**Exercise aim**
Everything below from the line with "Botas Chelsea nuevas" through the line with "Картина под названием" must be retyped exactly, except the pictures.

**Given entries**
'''

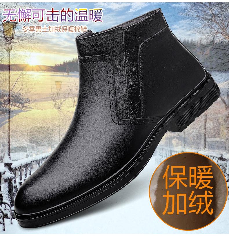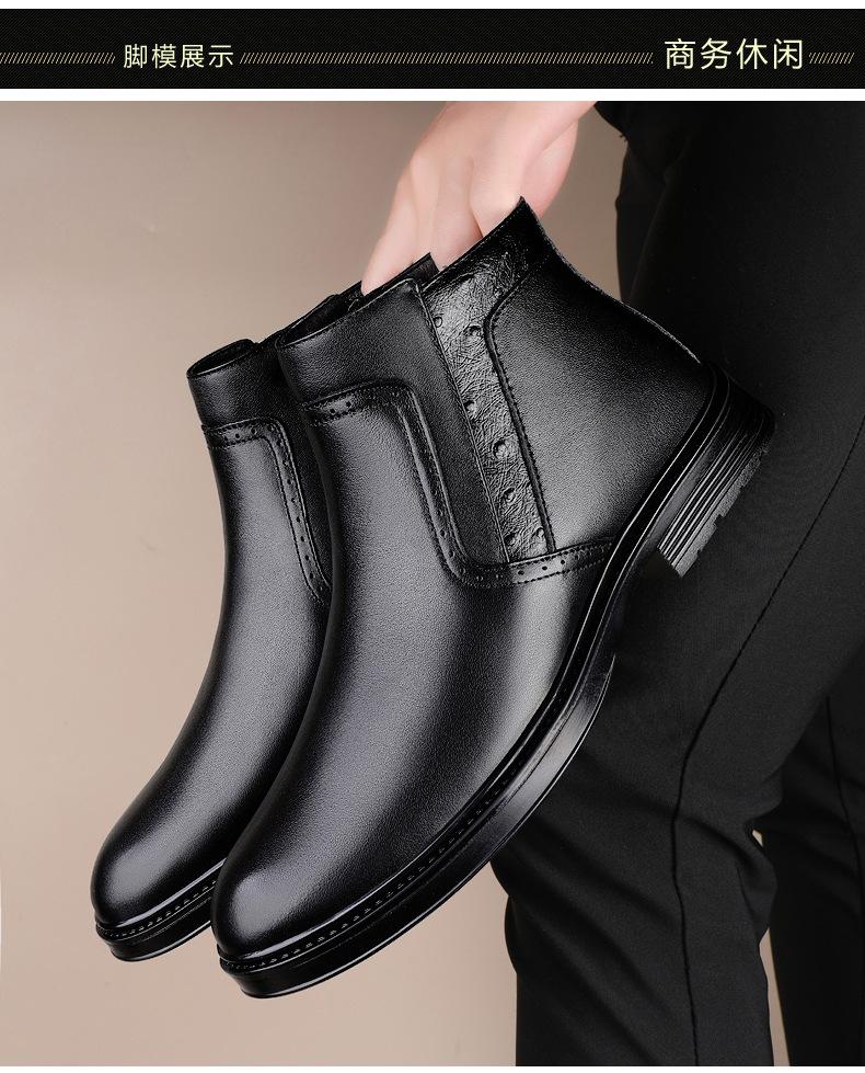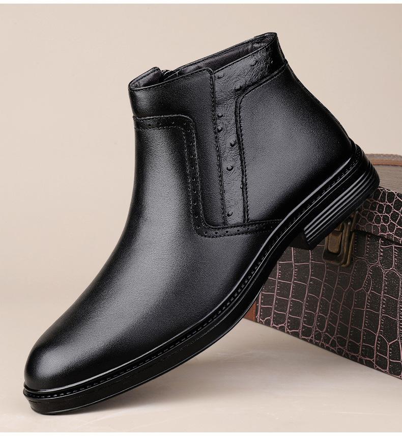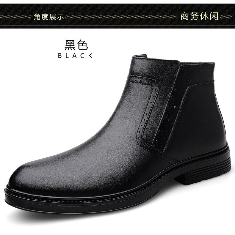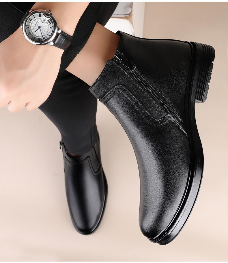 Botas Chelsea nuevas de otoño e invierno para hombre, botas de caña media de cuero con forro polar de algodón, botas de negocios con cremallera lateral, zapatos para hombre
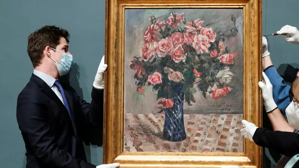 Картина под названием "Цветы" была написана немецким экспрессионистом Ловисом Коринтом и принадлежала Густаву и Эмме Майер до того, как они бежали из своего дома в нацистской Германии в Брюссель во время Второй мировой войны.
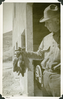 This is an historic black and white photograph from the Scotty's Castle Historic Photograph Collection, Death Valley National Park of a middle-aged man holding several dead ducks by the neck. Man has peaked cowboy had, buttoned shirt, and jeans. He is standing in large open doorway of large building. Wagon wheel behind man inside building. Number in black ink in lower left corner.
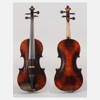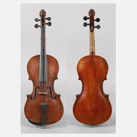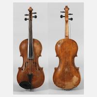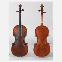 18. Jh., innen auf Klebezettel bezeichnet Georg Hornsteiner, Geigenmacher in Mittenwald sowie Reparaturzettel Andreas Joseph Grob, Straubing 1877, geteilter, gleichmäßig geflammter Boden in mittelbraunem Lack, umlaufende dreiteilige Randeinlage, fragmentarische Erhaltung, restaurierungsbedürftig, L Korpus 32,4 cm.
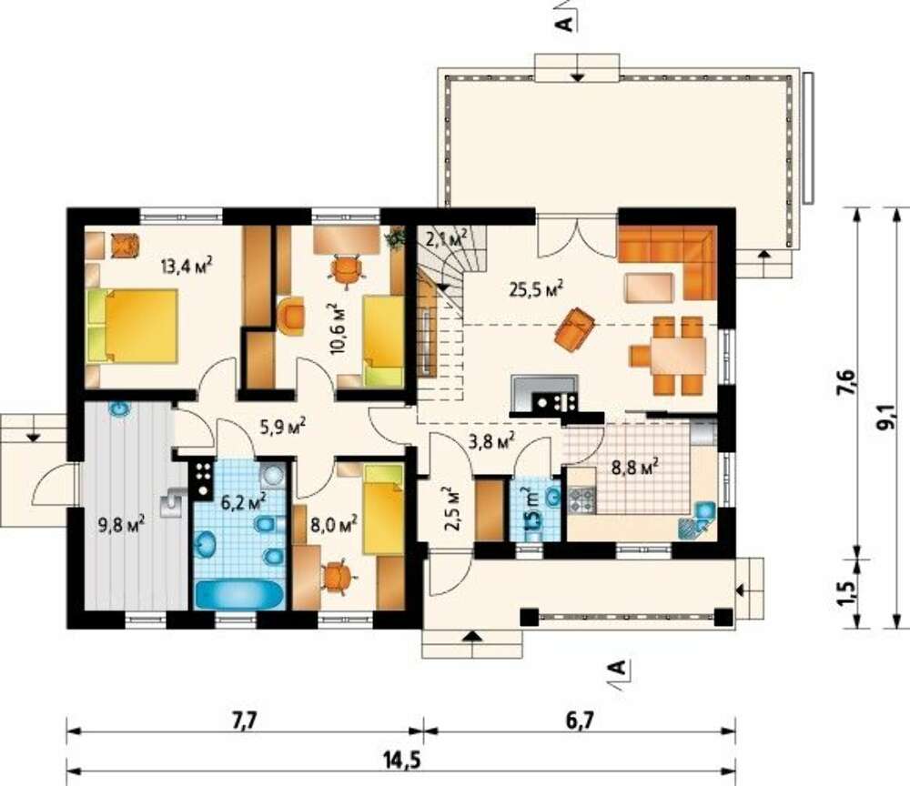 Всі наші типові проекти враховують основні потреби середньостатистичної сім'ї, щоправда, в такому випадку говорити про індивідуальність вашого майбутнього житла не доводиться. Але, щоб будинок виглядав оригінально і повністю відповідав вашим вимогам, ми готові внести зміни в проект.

'''
'''

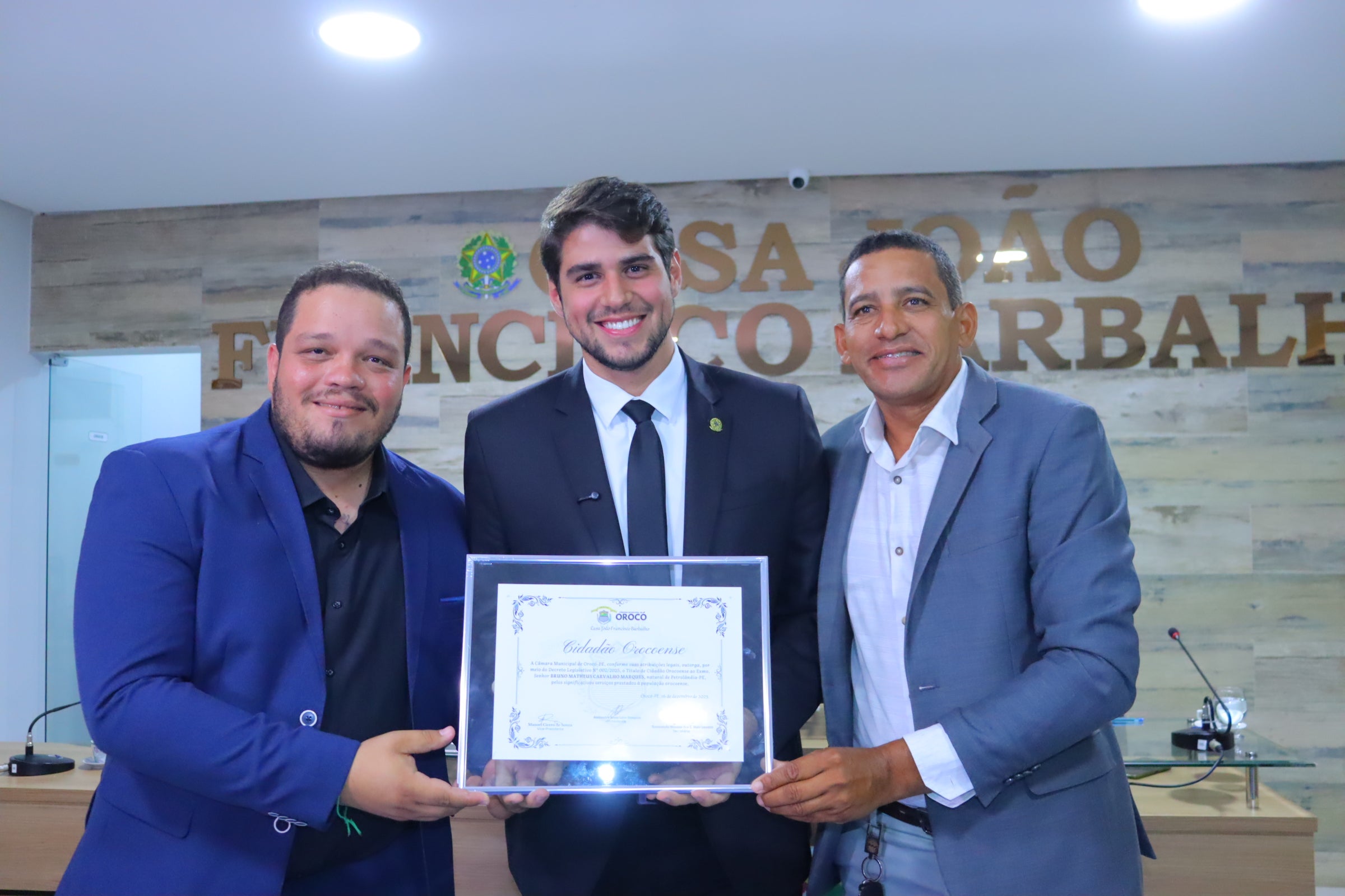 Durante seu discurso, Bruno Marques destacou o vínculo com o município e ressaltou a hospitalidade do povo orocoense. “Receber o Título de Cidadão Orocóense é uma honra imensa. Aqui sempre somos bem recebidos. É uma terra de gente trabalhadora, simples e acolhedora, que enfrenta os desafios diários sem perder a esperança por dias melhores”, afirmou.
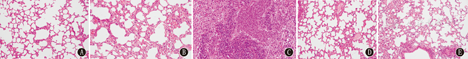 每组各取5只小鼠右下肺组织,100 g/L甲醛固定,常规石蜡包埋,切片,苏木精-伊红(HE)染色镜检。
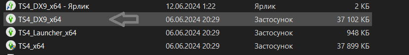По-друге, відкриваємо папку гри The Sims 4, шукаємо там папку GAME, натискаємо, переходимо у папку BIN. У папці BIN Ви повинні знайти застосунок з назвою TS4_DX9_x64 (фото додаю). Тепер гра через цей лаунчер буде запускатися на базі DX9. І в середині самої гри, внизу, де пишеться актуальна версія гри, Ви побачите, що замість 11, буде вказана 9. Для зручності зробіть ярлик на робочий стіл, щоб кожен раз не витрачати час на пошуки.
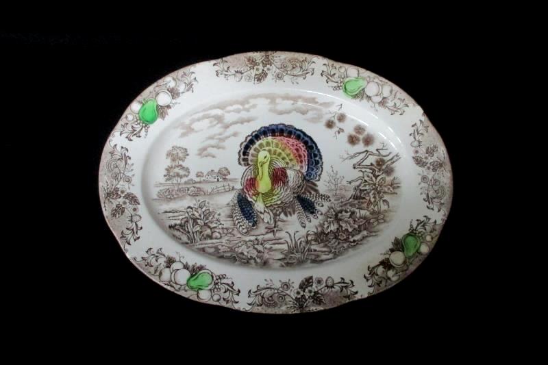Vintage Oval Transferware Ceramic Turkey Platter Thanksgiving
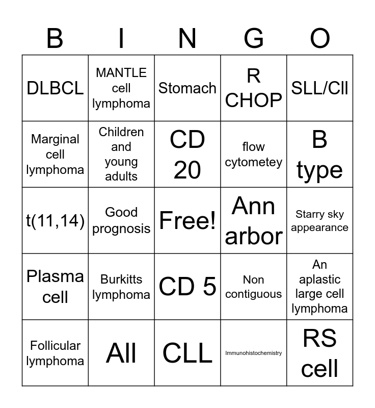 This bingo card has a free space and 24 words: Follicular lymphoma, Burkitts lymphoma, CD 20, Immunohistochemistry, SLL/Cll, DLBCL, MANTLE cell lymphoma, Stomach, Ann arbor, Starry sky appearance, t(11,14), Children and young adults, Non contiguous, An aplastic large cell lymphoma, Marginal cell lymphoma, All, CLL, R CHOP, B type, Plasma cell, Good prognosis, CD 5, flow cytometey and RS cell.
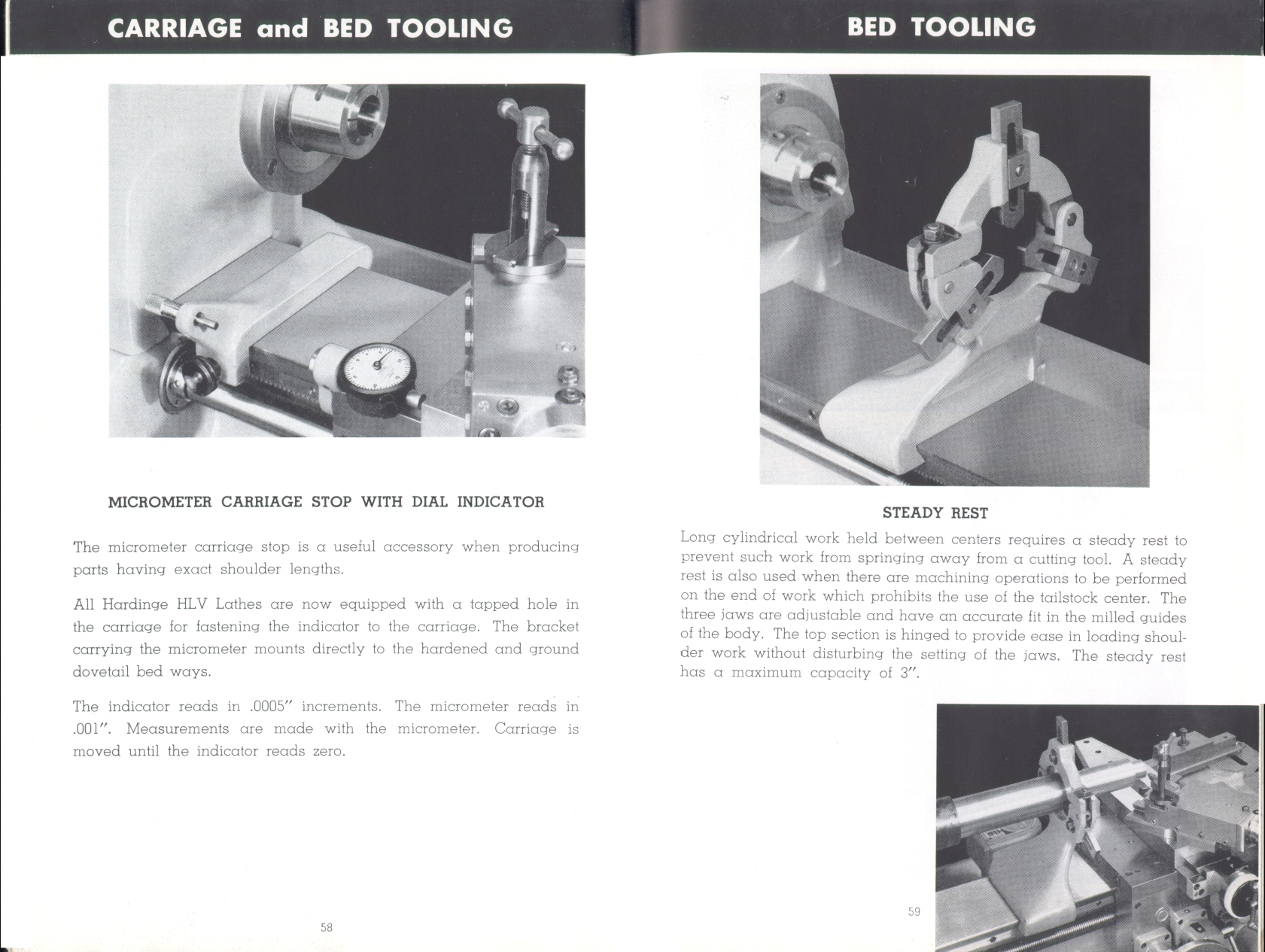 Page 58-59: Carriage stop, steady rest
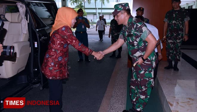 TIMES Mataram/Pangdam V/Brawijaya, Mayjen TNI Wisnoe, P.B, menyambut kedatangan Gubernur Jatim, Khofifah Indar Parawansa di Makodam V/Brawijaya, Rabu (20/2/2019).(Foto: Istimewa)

'''
'''

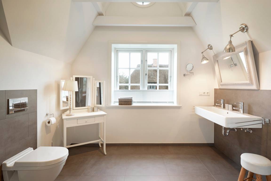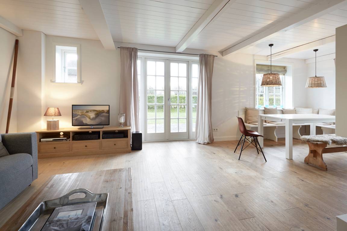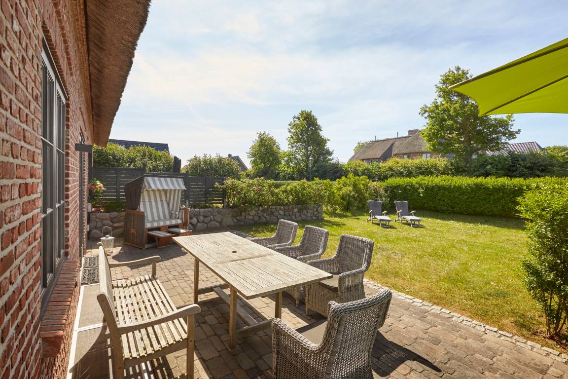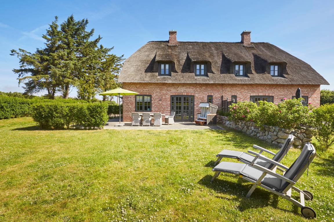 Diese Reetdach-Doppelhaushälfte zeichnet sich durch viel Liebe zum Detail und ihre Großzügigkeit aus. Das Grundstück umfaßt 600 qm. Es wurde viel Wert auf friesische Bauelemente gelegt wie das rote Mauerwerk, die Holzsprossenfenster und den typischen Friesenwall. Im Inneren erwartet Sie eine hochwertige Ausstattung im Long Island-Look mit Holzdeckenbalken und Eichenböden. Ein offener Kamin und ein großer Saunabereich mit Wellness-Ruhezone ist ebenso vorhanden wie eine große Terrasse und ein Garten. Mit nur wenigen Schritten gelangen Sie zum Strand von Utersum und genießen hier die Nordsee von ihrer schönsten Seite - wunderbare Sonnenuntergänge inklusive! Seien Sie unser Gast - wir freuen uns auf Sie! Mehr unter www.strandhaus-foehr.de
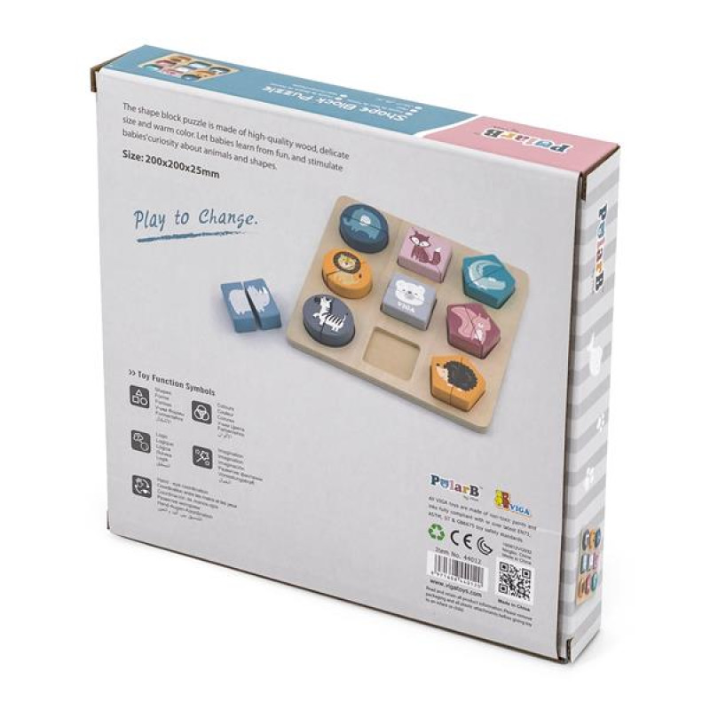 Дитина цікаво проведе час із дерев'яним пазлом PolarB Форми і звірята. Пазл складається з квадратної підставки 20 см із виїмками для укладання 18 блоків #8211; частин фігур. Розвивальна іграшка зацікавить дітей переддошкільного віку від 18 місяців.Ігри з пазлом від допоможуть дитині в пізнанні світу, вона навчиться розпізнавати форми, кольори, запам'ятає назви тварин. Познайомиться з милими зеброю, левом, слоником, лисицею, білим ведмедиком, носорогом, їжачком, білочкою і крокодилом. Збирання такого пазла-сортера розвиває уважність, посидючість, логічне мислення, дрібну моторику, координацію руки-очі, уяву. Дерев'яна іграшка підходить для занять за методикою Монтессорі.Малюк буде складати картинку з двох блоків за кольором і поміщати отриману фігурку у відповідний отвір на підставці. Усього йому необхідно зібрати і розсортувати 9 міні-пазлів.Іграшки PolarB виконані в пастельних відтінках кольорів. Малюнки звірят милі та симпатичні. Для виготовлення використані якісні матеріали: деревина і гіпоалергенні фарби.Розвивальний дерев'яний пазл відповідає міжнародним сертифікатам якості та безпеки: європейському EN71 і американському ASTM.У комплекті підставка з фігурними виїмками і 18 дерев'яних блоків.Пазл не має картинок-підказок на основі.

'''

**Solution to this problem**
 Botas Chelsea nuevas de otoño e invierno para hombre, botas de caña media de cuero con forro polar de algodón, botas de negocios con cremallera lateral, zapatos para hombre
 Картина под названием "Цветы" была написана немецким экспрессионистом Ловисом Коринтом и принадлежала Густаву и Эмме Майер до того, как они бежали из своего дома в нацистской Германии в Брюссель во время Второй мировой войны.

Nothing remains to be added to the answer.